EXTRACTED ENTRIES:
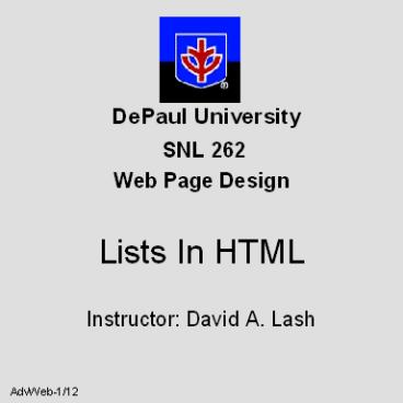 • Instructor David A. Lash
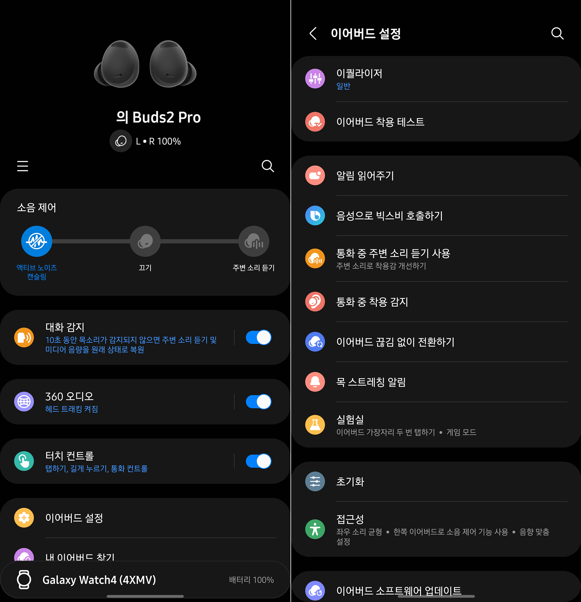 갤럭시 웨어러블(Galaxy Wearable) 앱의 기능을 확인해 보면 소음 제거 기능과 함께 대화 감지 그리고 360 오디오와 같은 기능들이 지원되는 것을 확인할 수 있습니다. 그리고 대화 감지 같은 경우에는 편리하기는 하지만 가끔 오작동이 발생했습니다.
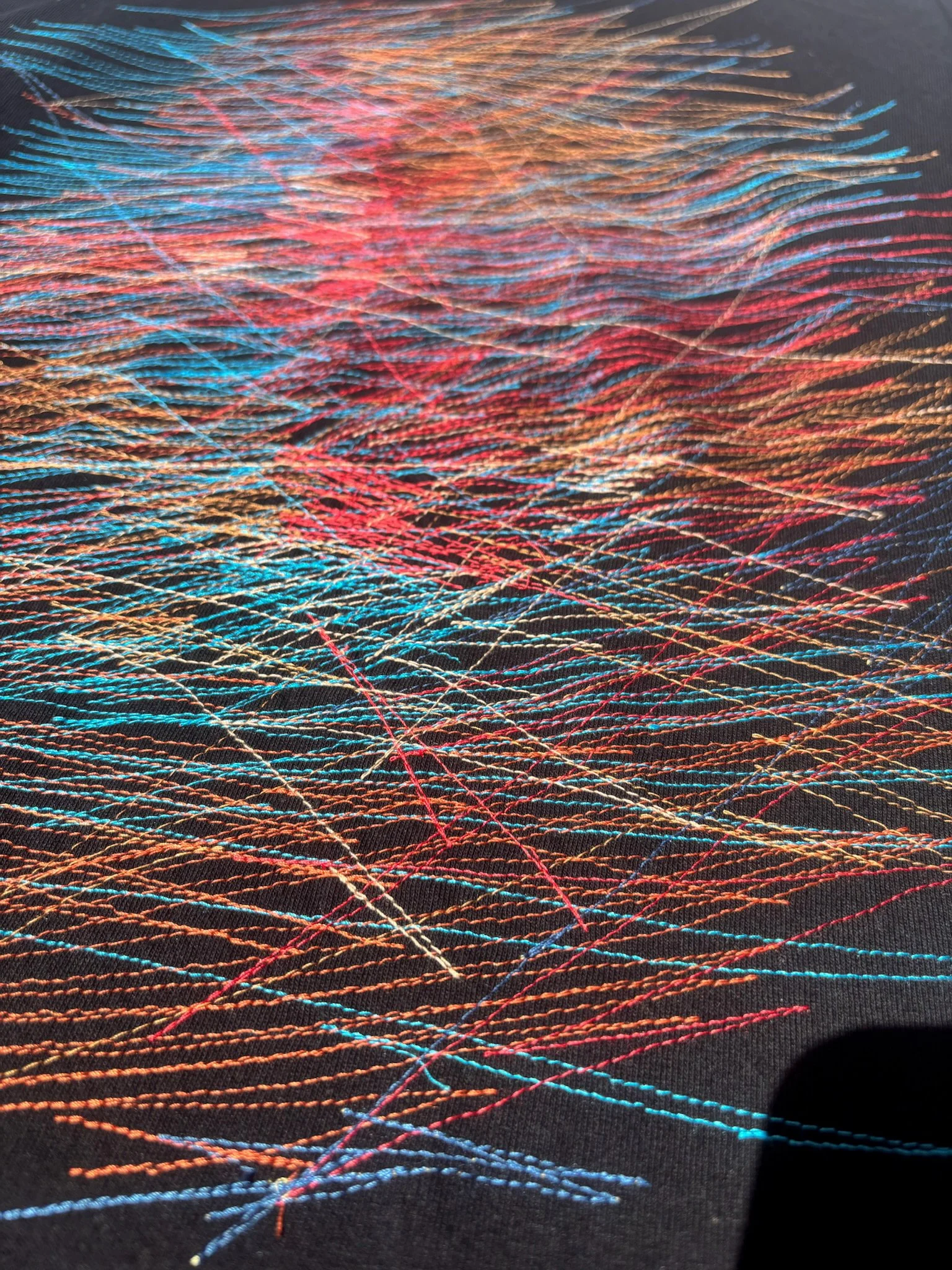 Threads over threads create a chaotic image resembling hand drawn scribbles. The very unique Correll Correll Classic is back - machine embroidery on organic cotton T-shirt in black with multi-colored thread pattern.
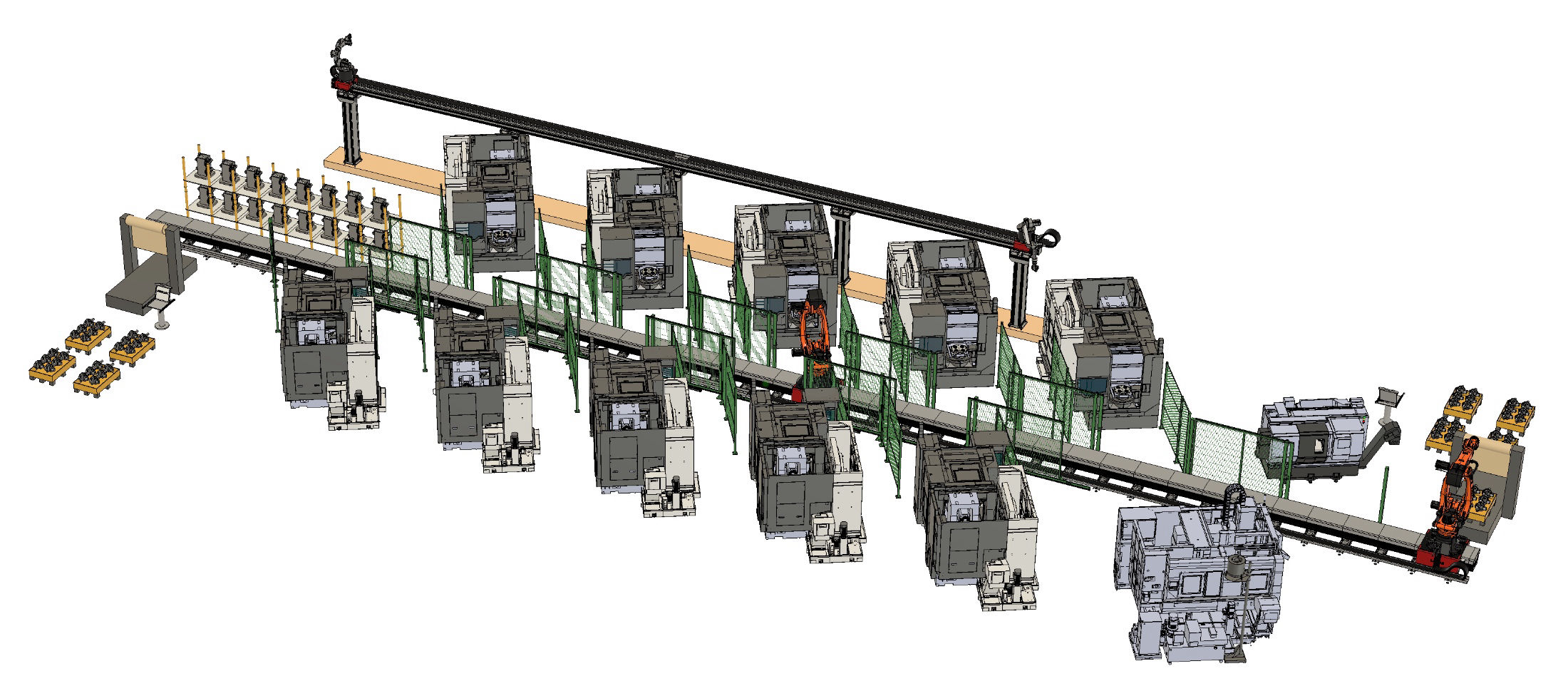 Несколько машинных центров можно установить в линию и контролировать от центрального компьютера. Это уменьшает холостые пробеги робота и упрощает логистику участка
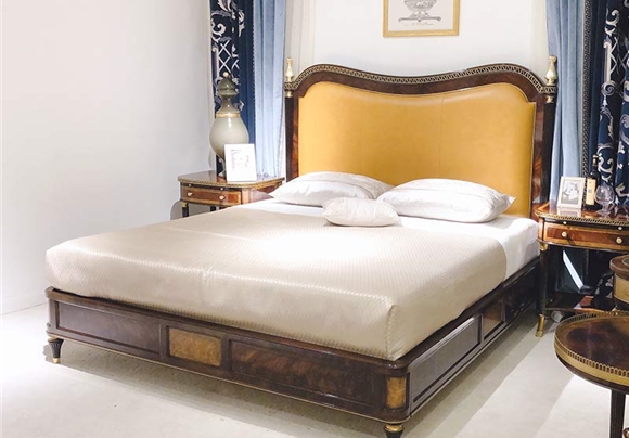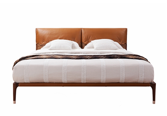 金其利家具亞歷山大進口姜黃色頭層牛皮雙人床銅件
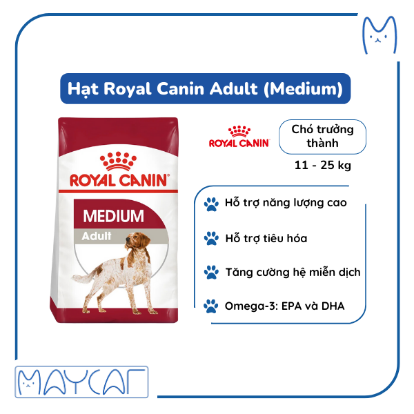 Những giống chó size Medium được biết đến có nguồn năng lượng dồi dào vì đa số giống chó này được sử dụng hỗ trợ trong các công việc của con người từ rất lâu. Cho dù giống chó size Medium này được nuôi trong nhà hay dành thời gian hoạt động ngoài trời, với ROYAL CANIN Medium Adult sẽ giúp giống chó này duy trì khả năng phòng thủ tự nhiên trong suốt vòng đời của chúng, đồng thời cung cấp năng lượng cân bằng cho giống chó này giúp duy trì trọng lượng khỏe mạnh.
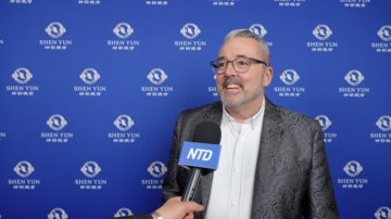 「很令人感動!」台灣大學政治系副教授彭錦鵬表示,神韻無論是背景、服裝、音樂都非常出色。「背景(天幕)做得非常用心,連旗子在飄揚都能看到,很令人感動!」他驚喜地說。
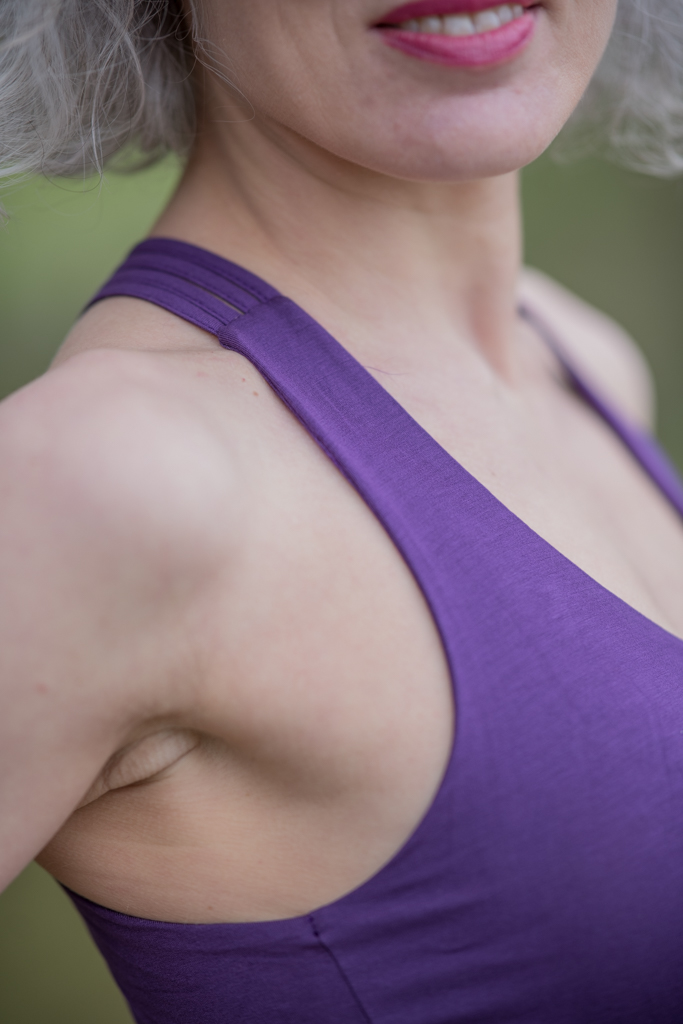 Pružné tílko s širokými ramínky, všitou braletkou a překřížením na zádech.
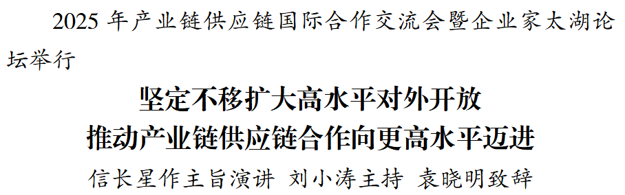11月18日,以“汇聚新质生产力 开放合作赢未来”为主题的2025年产业链供应链国际合作交流会暨企业家太湖论坛在无锡举行。省委书记信长星作主旨演讲,省长刘小涛主持。商务部党组成员、部长助理袁晓明出席并致辞。
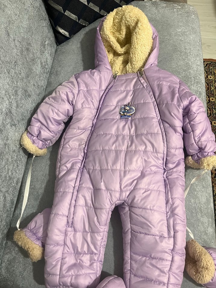 Pastel mor renkte, kapüşon ve manşetlerde kürk detaylı, notched lapel yakalı bebek kış tulumu. ❄️ birkaç kere kullandık kızım içinde durmadı tertemizdir
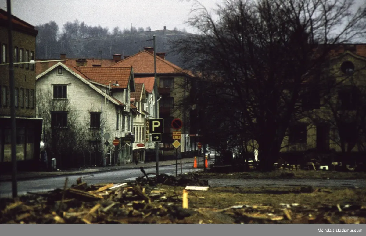 Vy österut på Frölundagatan i Mölndal, 1970-tal. På höjden i bakgrunden ses Störtfjället.
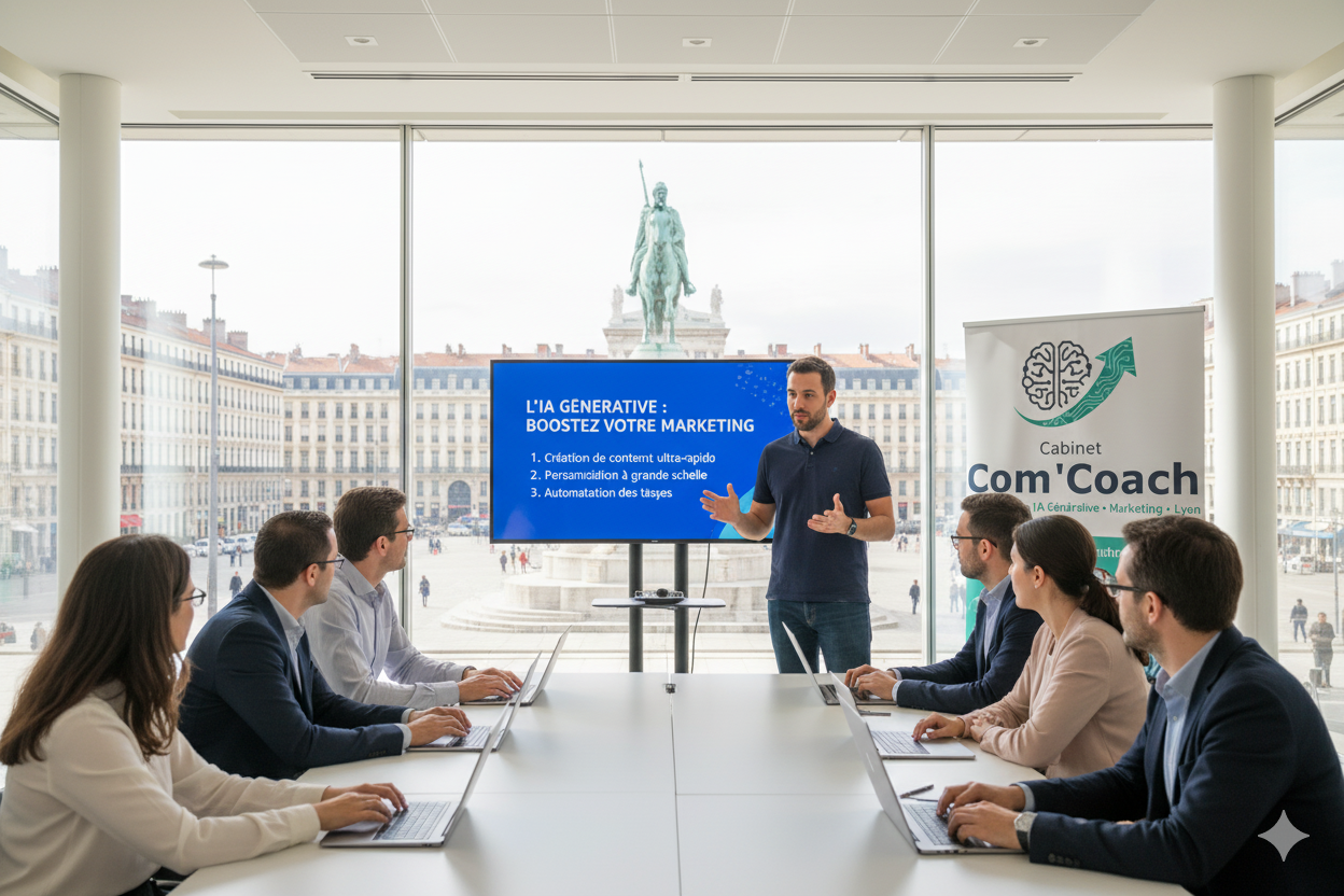 J’ai fondé le Cabinet Com’Coach en 2009 pour accompagner les professionnels du conseil et de la formation à développer leur clientèle. J’ai décidé de pivoter en 2023 pour proposer des formations en IA Génératives aux collaborateurs des entreprises sur Lyon et sa région.
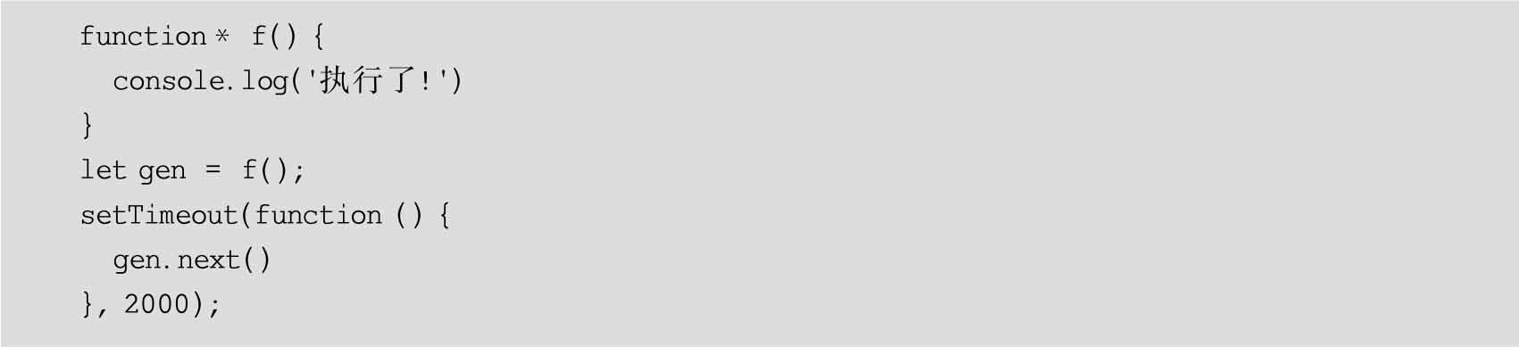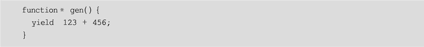 在代码示例2-146中,yield后面的表达式123+456不会立即求值,只会在next()方法将指针移到下一句时才会求值,如代码示例2-147所示。Generator()函数也可以不用yield语句,这时就变成了一个单纯的暂缓执行函数。

YOUR GOAL: Write all the lines above out again exactly, minus the images.

REPLY:
 • Instructor David A. Lash
 갤럭시 웨어러블(Galaxy Wearable) 앱의 기능을 확인해 보면 소음 제거 기능과 함께 대화 감지 그리고 360 오디오와 같은 기능들이 지원되는 것을 확인할 수 있습니다. 그리고 대화 감지 같은 경우에는 편리하기는 하지만 가끔 오작동이 발생했습니다.
 Threads over threads create a chaotic image resembling hand drawn scribbles. The very unique Correll Correll Classic is back - machine embroidery on organic cotton T-shirt in black with multi-colored thread pattern.
 Несколько машинных центров можно установить в линию и контролировать от центрального компьютера. Это уменьшает холостые пробеги робота и упрощает логистику участка
 金其利家具亞歷山大進口姜黃色頭層牛皮雙人床銅件
 Những giống chó size Medium được biết đến có nguồn năng lượng dồi dào vì đa số giống chó này được sử dụng hỗ trợ trong các công việc của con người từ rất lâu. Cho dù giống chó size Medium này được nuôi trong nhà hay dành thời gian hoạt động ngoài trời, với ROYAL CANIN Medium Adult sẽ giúp giống chó này duy trì khả năng phòng thủ tự nhiên trong suốt vòng đời của chúng, đồng thời cung cấp năng lượng cân bằng cho giống chó này giúp duy trì trọng lượng khỏe mạnh.
 「很令人感動!」台灣大學政治系副教授彭錦鵬表示,神韻無論是背景、服裝、音樂都非常出色。「背景(天幕)做得非常用心,連旗子在飄揚都能看到,很令人感動!」他驚喜地說。
 Pružné tílko s širokými ramínky, všitou braletkou a překřížením na zádech.
11月18日,以“汇聚新质生产力 开放合作赢未来”为主题的2025年产业链供应链国际合作交流会暨企业家太湖论坛在无锡举行。省委书记信长星作主旨演讲,省长刘小涛主持。商务部党组成员、部长助理袁晓明出席并致辞。
 Pastel mor renkte, kapüşon ve manşetlerde kürk detaylı, notched lapel yakalı bebek kış tulumu. ❄️ birkaç kere kullandık kızım içinde durmadı tertemizdir
 Vy österut på Frölundagatan i Mölndal, 1970-tal. På höjden i bakgrunden ses Störtfjället.
 J’ai fondé le Cabinet Com’Coach en 2009 pour accompagner les professionnels du conseil et de la formation à développer leur clientèle. J’ai décidé de pivoter en 2023 pour proposer des formations en IA Génératives aux collaborateurs des entreprises sur Lyon et sa région.
 在代码示例2-146中,yield后面的表达式123+456不会立即求值,只会在next()方法将指针移到下一句时才会求值,如代码示例2-147所示。Generator()函数也可以不用yield语句,这时就变成了一个单纯的暂缓执行函数。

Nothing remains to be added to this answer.